In Pascarella et al. (2015), deal with the generation of optimal flight trajectories for unmanned aerial vehicles (UAVs). In particular, they propose the parallelization of the Core Paths Graph algorithm, which converts the trajectory optimization problem into a minimum cost path search, by a weighted and oriented graph. After presenting the mathematical formulation of the problem and the algorithm, the paper presents some test results, showing the obtained improvement of the proposed parallel algorithm. Moreover, for secure consideration, tracking the interesting targets within the coverage region is important in the radar surveillance systems. However, conventional mono-static radars suffer several threats, such as stealth targets, electronic jamming, anti-radiation missiles and the ultra-low altitude penetration. In order to reduce such threats, multistatic geometry and specified operational frequency based solutions could be adopted. In this direction, in Wen et al. (2014) authors propose a weighted least square method, which is applied by using a time of arrival (TOA) and angle of arrival (AOA) location estimation scheme. To evaluate the performance of the proposed scheme, the root mean square error distribution is employed.

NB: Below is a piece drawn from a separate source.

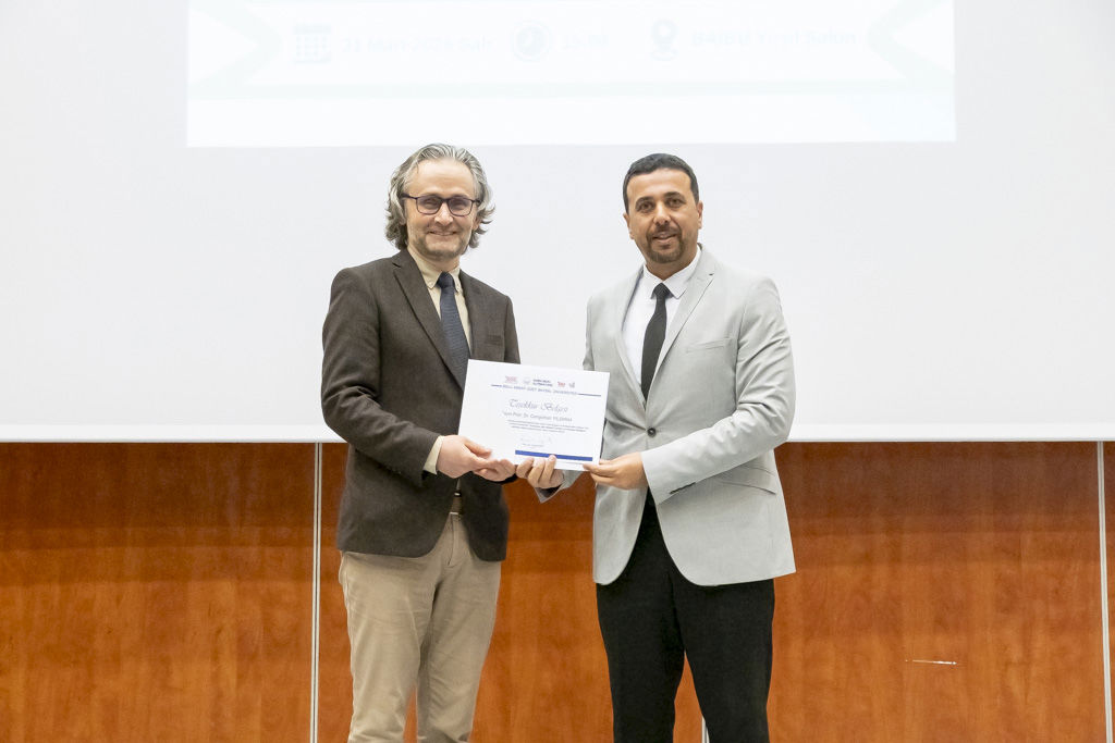 Programın sonunda BAİBÜ Rektör Yardımcısı Prof. Dr. Coşkun Karaca etkinlikte sunum yapan Bolu Aile ve Sosyal Hizmetler İl Müdürlüğü Koruyucu Aile Sosyal Çalışmacısı Tuğçe Çay, BAİBÜ Öğr. Üyesi Prof. Dr. Cengizhan Yıldırım ve Eşi Meryem Yıldırım’a teşekkür belgesi verdi.

Finally, in Toporkov et al. (2015) authors propose and analyze an interesting hybrid scheduling approach, based on a combination of cycling, back-filling and heuristic schemes, for efficient resources utilization in virtual organizations of utility grids. Different algorithms and approaches are compared, and results are provided to prove the correctness of the proposed one and justify its use in different situations. In particular, the simulations show that each of studied approaches can provide the best results under specific conditions, while the proposed hybrid scheme is able to balance such results, thus providing better efficiency under different conditions.